4. ANSWERS TO COME! (THOUGH PROBABLY NOT, REALLY.) Florida’s top prosecutor says he plans to release a report by the end of March detailing the findings of his investigation into the May 2013 shooting by an FBI agent of Ibragim Todashev. Todashev was shot while he was being questioned about his relationship with alleged Boston Marathon bomber Tamerlan Tsarnaev. During the questioning, Todashev is said to have confessed to having been involved in a 2011 Waltham triple murder. (More on that was detailed in a recent Boston Magazine article.) Unfortunately, it’s unlikely the Florida prosecutors report will answer most of the many lingering questions that remain.

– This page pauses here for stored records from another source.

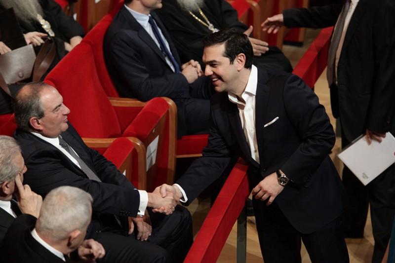 Θερμή ήταν και η χειραψία του κ. Τσίπρα με τον πρώην πρωθυπουργό Κώστα Καραμανλή, ο οποίος, με τη σειρά του, ήταν ευδιάθετος, όπως φαίνεται και από τα γέλια που μοιράζεται με τον Έλληνα επίτροπο Δημήτρη Αβραμόπουλο.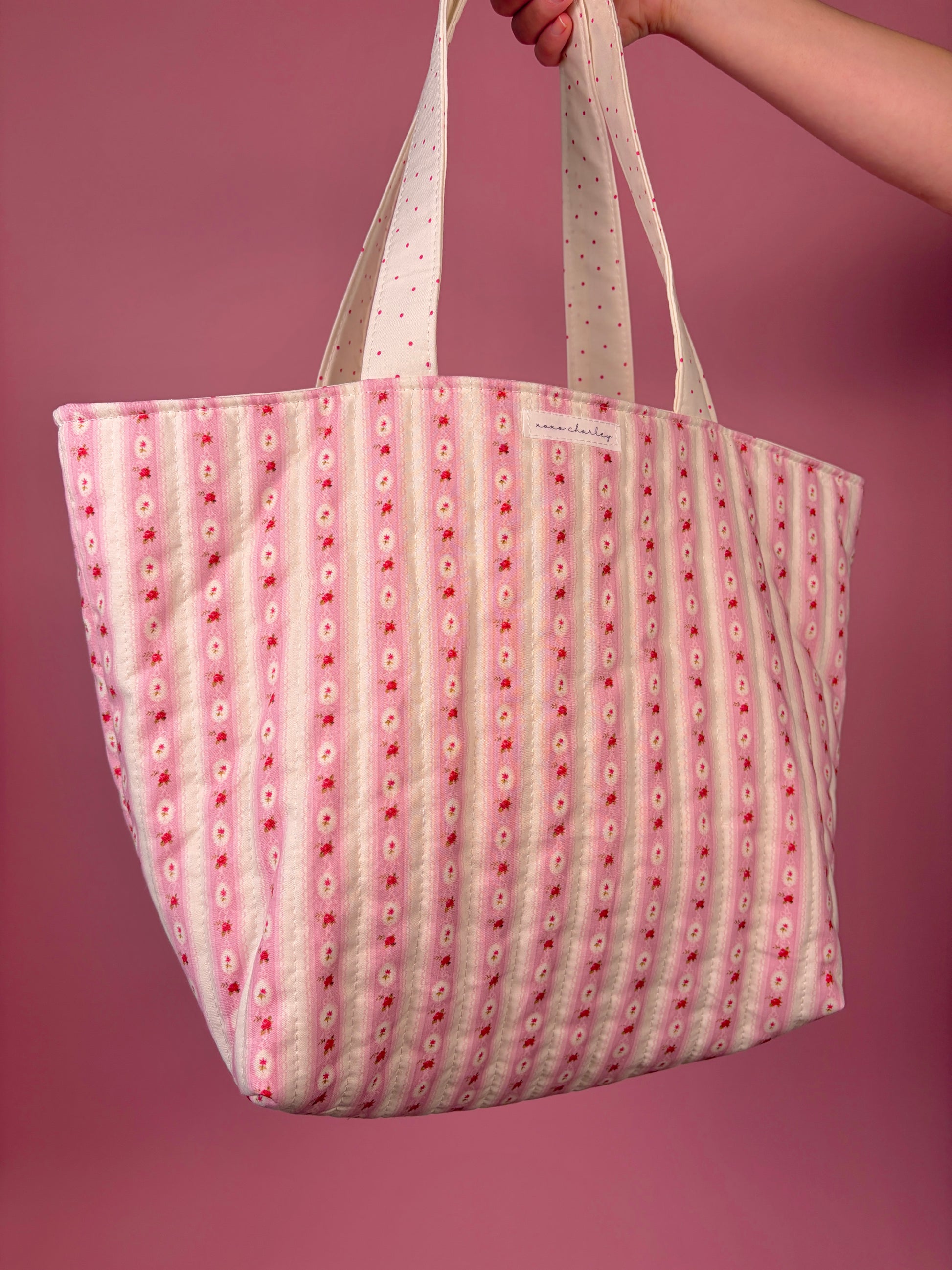 This pretty large tote bag is handmade and is perfect for any errand, workout, trip, and everything in between! It is also a limited-edition, one of a kind bag and will never be restocked.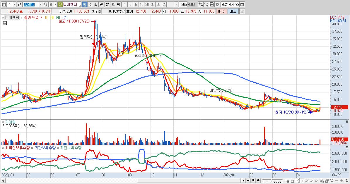 - 디이엔티 (12,440원 ▲ 10.97% , 시총: 2,740억, 거래량: 817,928, 거래대금:102억)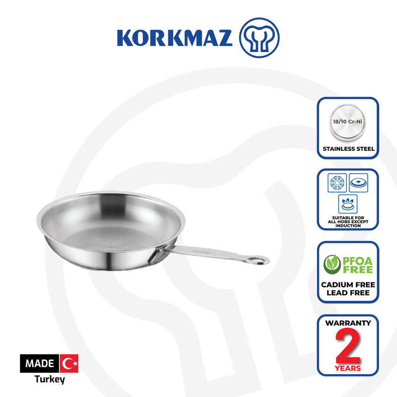 Korkmaz Minika Stainless Steel Frying Pan - 16x4cm, Induction Compatible, Made in Turkey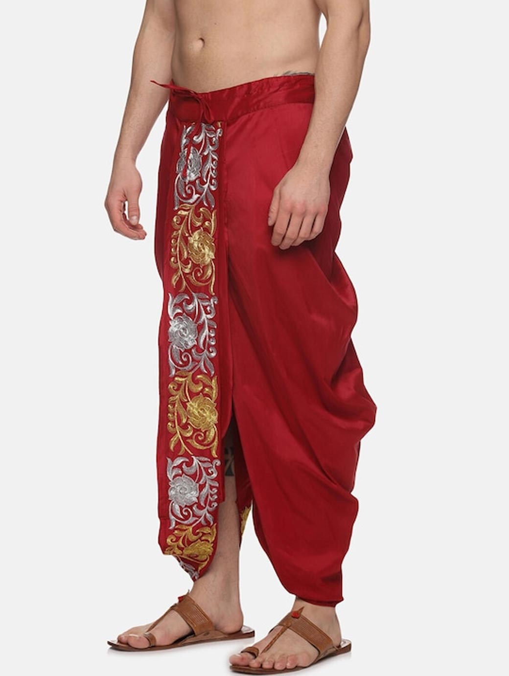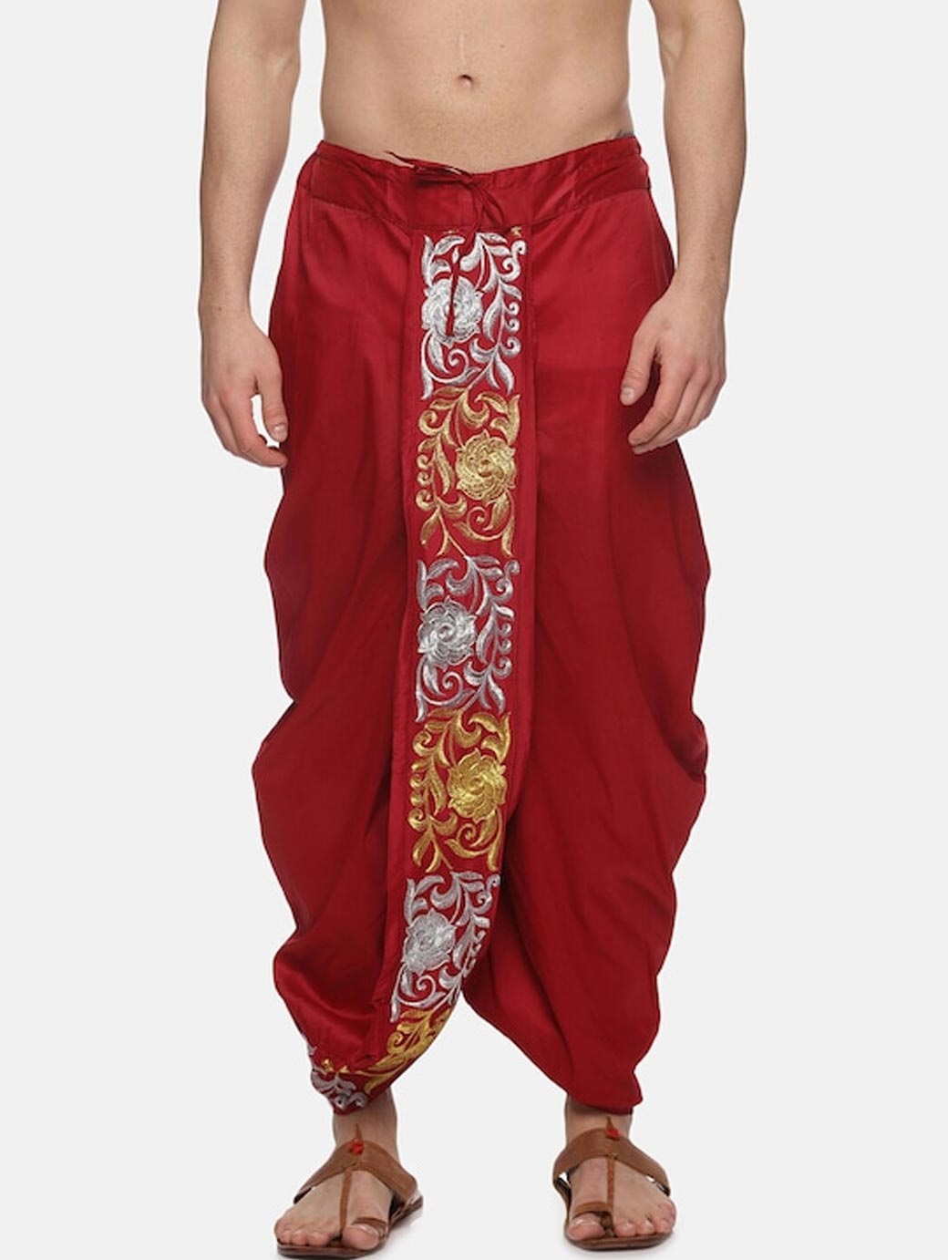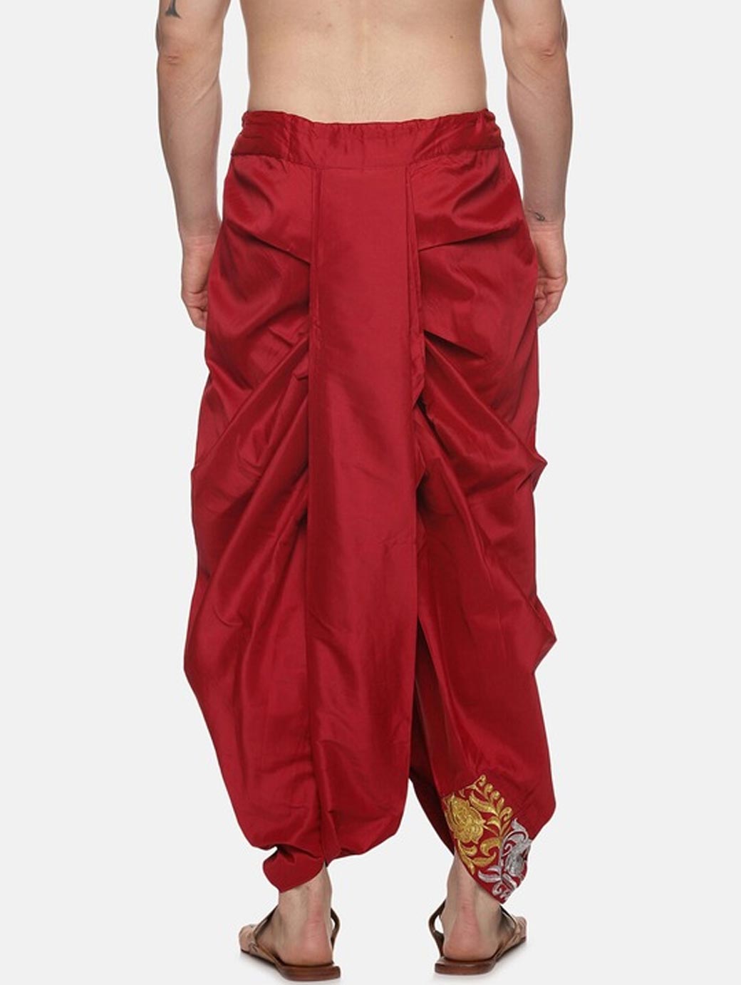 Maroon embroidered regular-fit dhoti pants with overlap detail, has gathers, has an elasticated waistband with a drawstring fastening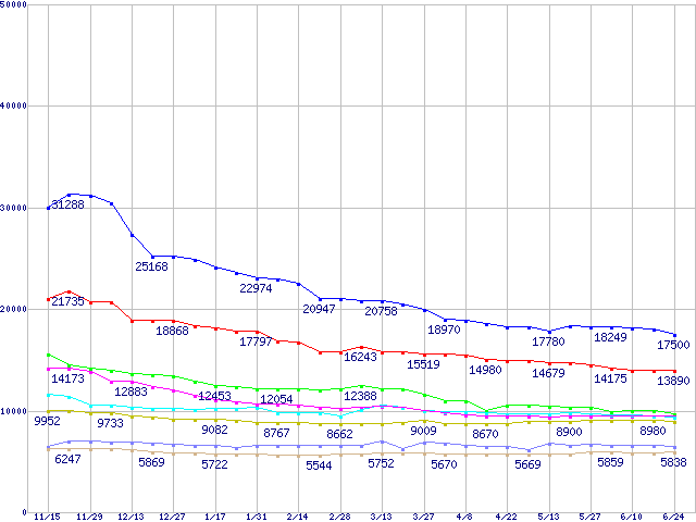 | [↑前グラフ]: | Deskstar 7K250 (7200rpm,SerialATA/150,FDB)の最安値推移 |
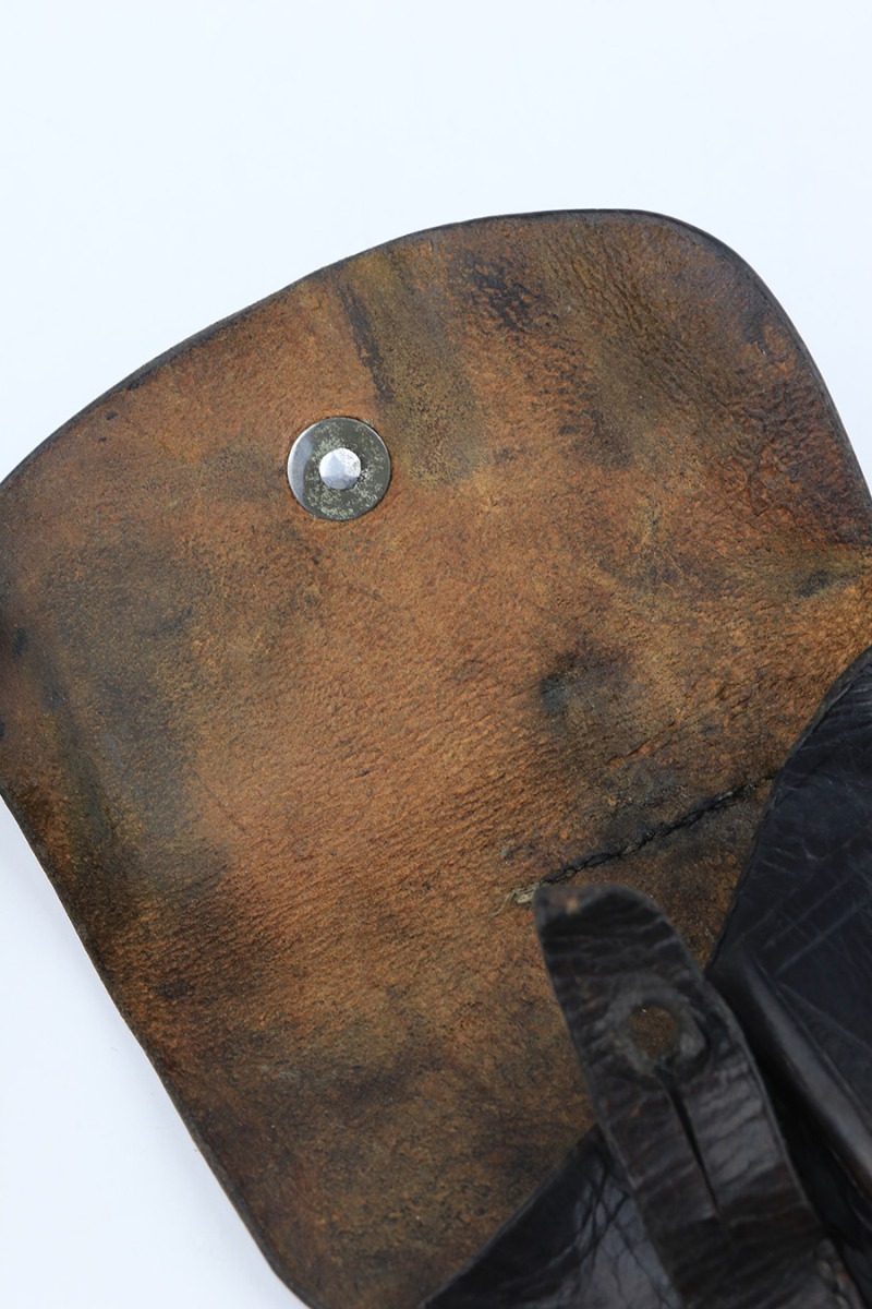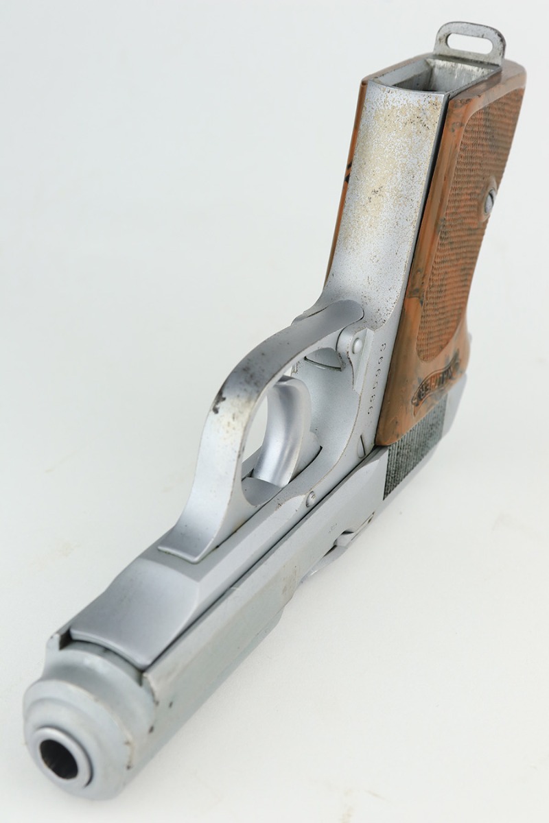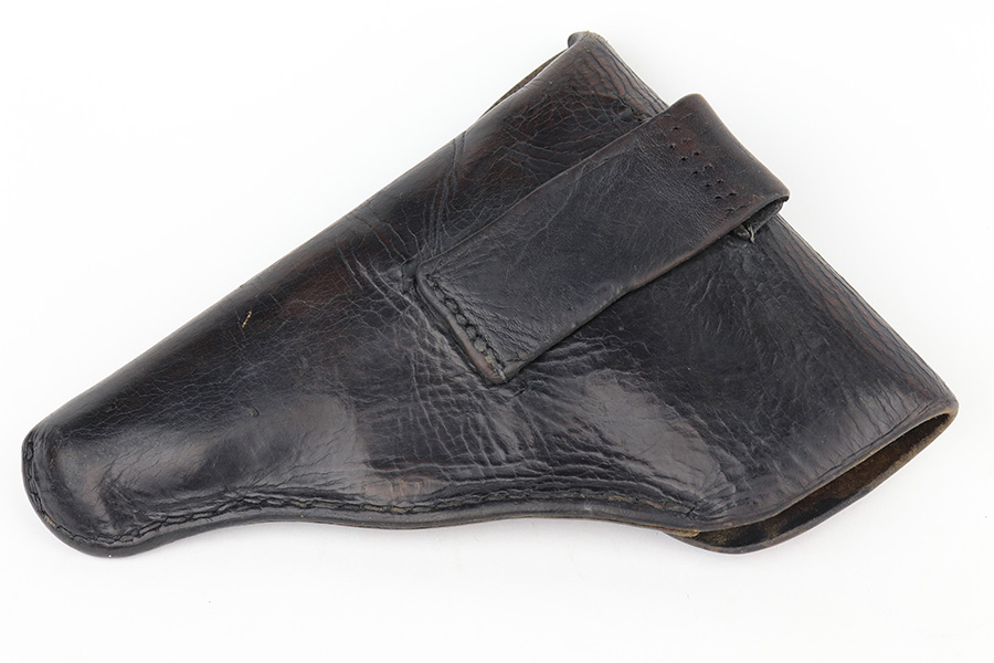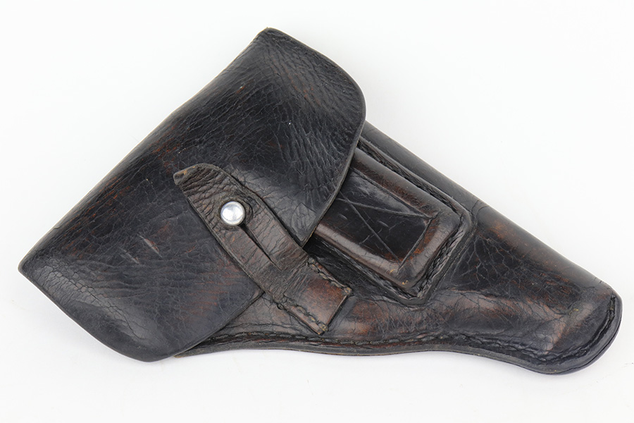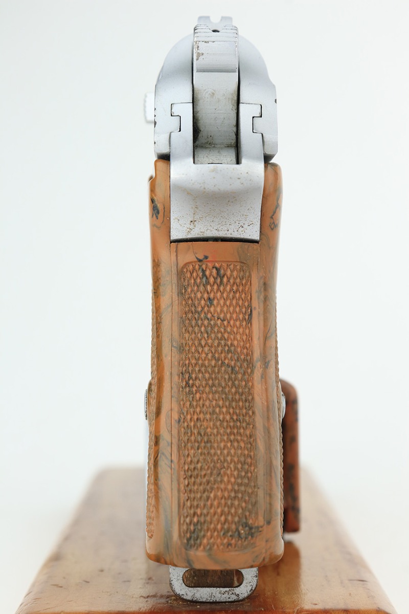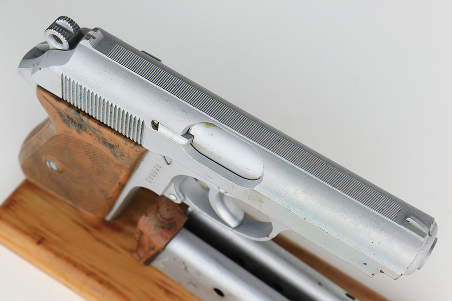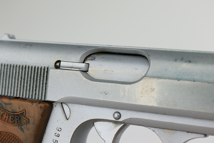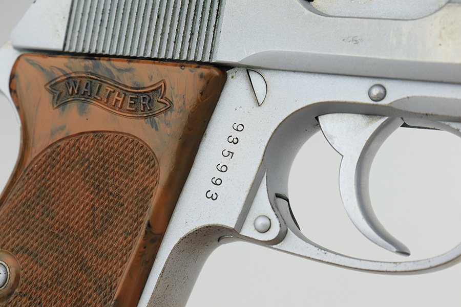 2/15/23 – This is a rare Verchromt Walther PPK in very good, original condition that retains about 90-92% of its original finish. Very few PPKs were finished in “verchromt”, which was Walther’s experiment in producing a variation of the plated finish – essentially a type of electrolysis plating that gave the gun a dull gray appearance. Unfortunately, it proved to be less durable than the standard blue finish and very few such guns were made in the early 30s. There is minor flaking of the finish on this pistol in a few areas, and visible oxidation on the front strap. Comes with one Verchromt magazine with beautiful finger extension, one flat bottom Verchromt magazine, and a black leather holster. The verchromt mags are very difficult to find, and both are in good shape. Minty bore. Excellent brown grip with no cracks.

5. ALSO … What makes comedy work? Equal parts good and evil. If you’ve always had trouble figuring out time zones around the world, this might help. Will the NFL ban not just the n-word, but also the f-word? No, not that f-word, the other f-word. And if they do, will there be any words left for players to use on the field? NASA found new planets. And not just a couple. 715 of them. Set your DVRs. An extreme athlete will be jumping off the top of Mount Everest in May, and the Discovery Channel is going to broadcast it. What could possibly go wrong? If you’ve ever thought – “How can I fit a gun purchase into my already hectic schedule?” – don’t worry. You can buy a gun on Facebook in just 15 minutes. It goes without saying that sending a naked photo of yourself to someone’s mom is risky. It’s especially risky if you’re sexting the mom of these three brothers. On a lighter note, be sure to check out this live stream of an eagle caring for her young, via Reddit.